**** Input data ****

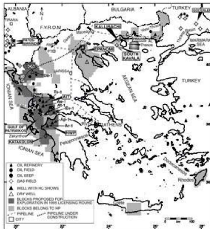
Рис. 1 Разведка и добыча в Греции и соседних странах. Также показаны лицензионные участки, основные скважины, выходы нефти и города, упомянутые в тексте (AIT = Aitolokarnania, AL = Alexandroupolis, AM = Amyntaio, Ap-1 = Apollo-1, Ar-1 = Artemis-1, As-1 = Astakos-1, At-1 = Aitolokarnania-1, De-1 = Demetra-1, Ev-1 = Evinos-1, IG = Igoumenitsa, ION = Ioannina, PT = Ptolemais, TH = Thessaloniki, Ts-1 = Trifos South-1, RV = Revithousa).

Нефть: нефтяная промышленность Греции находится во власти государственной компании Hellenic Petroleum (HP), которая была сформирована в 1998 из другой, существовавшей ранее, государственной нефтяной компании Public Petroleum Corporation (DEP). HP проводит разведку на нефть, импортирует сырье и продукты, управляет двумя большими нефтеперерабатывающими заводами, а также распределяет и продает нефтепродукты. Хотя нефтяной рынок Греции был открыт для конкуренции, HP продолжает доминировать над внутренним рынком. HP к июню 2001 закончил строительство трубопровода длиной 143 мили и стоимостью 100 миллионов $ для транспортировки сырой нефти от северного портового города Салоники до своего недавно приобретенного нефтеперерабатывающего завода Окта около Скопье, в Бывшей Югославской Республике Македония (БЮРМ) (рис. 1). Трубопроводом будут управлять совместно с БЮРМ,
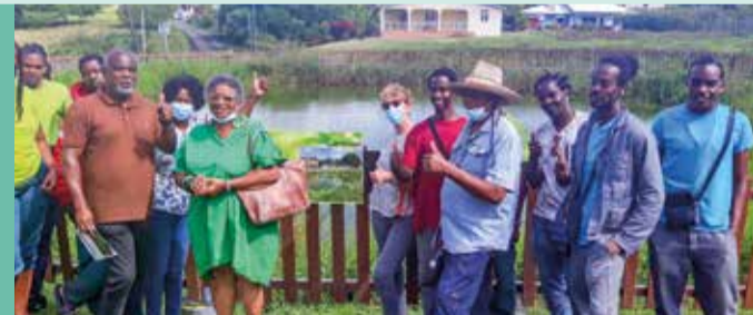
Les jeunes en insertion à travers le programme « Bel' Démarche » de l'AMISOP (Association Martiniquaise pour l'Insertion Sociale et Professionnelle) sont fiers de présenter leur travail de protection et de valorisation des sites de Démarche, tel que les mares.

****

▸ To do
From the material above, reproduce everything verbatim except the pictures.

▸ Response to this task
Рис. 1 Разведка и добыча в Греции и соседних странах. Также показаны лицензионные участки, основные скважины, выходы нефти и города, упомянутые в тексте (AIT = Aitolokarnania, AL = Alexandroupolis, AM = Amyntaio, Ap-1 = Apollo-1, Ar-1 = Artemis-1, As-1 = Astakos-1, At-1 = Aitolokarnania-1, De-1 = Demetra-1, Ev-1 = Evinos-1, IG = Igoumenitsa, ION = Ioannina, PT = Ptolemais, TH = Thessaloniki, Ts-1 = Trifos South-1, RV = Revithousa).

Нефть: нефтяная промышленность Греции находится во власти государственной компании Hellenic Petroleum (HP), которая была сформирована в 1998 из другой, существовавшей ранее, государственной нефтяной компании Public Petroleum Corporation (DEP). HP проводит разведку на нефть, импортирует сырье и продукты, управляет двумя большими нефтеперерабатывающими заводами, а также распределяет и продает нефтепродукты. Хотя нефтяной рынок Греции был открыт для конкуренции, HP продолжает доминировать над внутренним рынком. HP к июню 2001 закончил строительство трубопровода длиной 143 мили и стоимостью 100 миллионов $ для транспортировки сырой нефти от северного портового города Салоники до своего недавно приобретенного нефтеперерабатывающего завода Окта около Скопье, в Бывшей Югославской Республике Македония (БЮРМ) (рис. 1). Трубопроводом будут управлять совместно с БЮРМ,
Les jeunes en insertion à travers le programme « Bel' Démarche » de l'AMISOP (Association Martiniquaise pour l'Insertion Sociale et Professionnelle) sont fiers de présenter leur travail de protection et de valorisation des sites de Démarche, tel que les mares.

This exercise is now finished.